Outre l’impact de la culture du cacao, d’autres enjeux existent, comme la traçabilité et l’impact environnemental de certains ingrédients tels que l’huile de palme ou les noisettes. Le rôle de l’huile de palme dans la déforestation est un sujet particulièrement controversé. Et puis il y a le conditionnement… En tant que cadeau ou produit de luxe, le chocolat a tendance à être conditionné de manière excessive. Les œufs de Pâques, par exemple, sont souvent emballés dans du papier d’aluminium, placés dans un moule en plastique puis dans une boîte en carton. Certains contiennent même de petits chocolats emballés individuellement.

Comment les investisseurs (et les consommateurs) peuvent-ils réagir?

Votre envie irrésistible de chocolat a-t-elle succombé à toutes ces critiques? Le fait est que nous sommes nombreux à adorer le chocolat et à rechigner à y renoncer (moi y compris). Les alternatives à faible teneur en lait peuvent présenter une solution. Les consommateurs soucieux du bilan carbone peuvent remplacer le chocolat blanc ou au lait par du chocolat noir. Les petits ruisseaux font les grandes rivières, comme dit le proverbe. Personnellement, ça ne me dérange pas car je préfère le noir de toute façon!

Au Royaume-Uni, la popularité du «Veganuary», qui consiste à adopter un régime vegan en janvier, a incité les entreprises à produire un large éventail de produits alimentaires à base de plantes pour remplacer la viande. C’est en partie pour cette raison qu’une fois janvier écoulé, de nombreux particuliers ont décidé de modifier leur régime alimentaire de façon permanente, non seulement dans un souci de protection des animaux, mais aussi pour des raisons plus générales liées au développement durable.

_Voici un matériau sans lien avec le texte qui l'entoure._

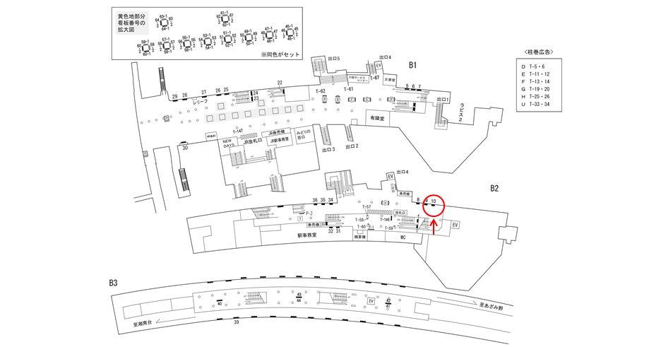 駅構内にある駅看板は「これから電車に乗る方」もしくは「駅を出る方」に見てもらえます。いずれにしても駅を利用するタイミングで広告に接触します。移動中に見てもらえる駅構内の駅看板は、戸塚駅の周辺にある店舗施設の紹介や道案内に利用されています。特に駅の出口付近にある駅看板は、店舗までの距離が近く案内看板に適しています。

De nombreux fabricants ont réagi en créant du chocolat vegan, lequel réduit bel et bien l’empreinte carbone, mais la fabrication de chocolat sans cacao n’est pas une option réaliste. Même s’il était possible de produire un substitut synthétique comme pour la viande, cela ferait baisser le prix du cacao et priverait de revenus ces six millions d’agriculteurs au lieu de les libérer de leur servitude.

En termes d’investissement, nous recherchons des entreprises capables de produire une croissance et des performances durables à long terme. L’exemple du chocolat montre à quel point les risques liés au développement durable sont souvent cachés. Cela souligne l’importance de mener des recherches approfondies pour comprendre non seulement les activités d’une entreprise, mais aussi celles de tous les acteurs de la chaîne d’approvisionnement.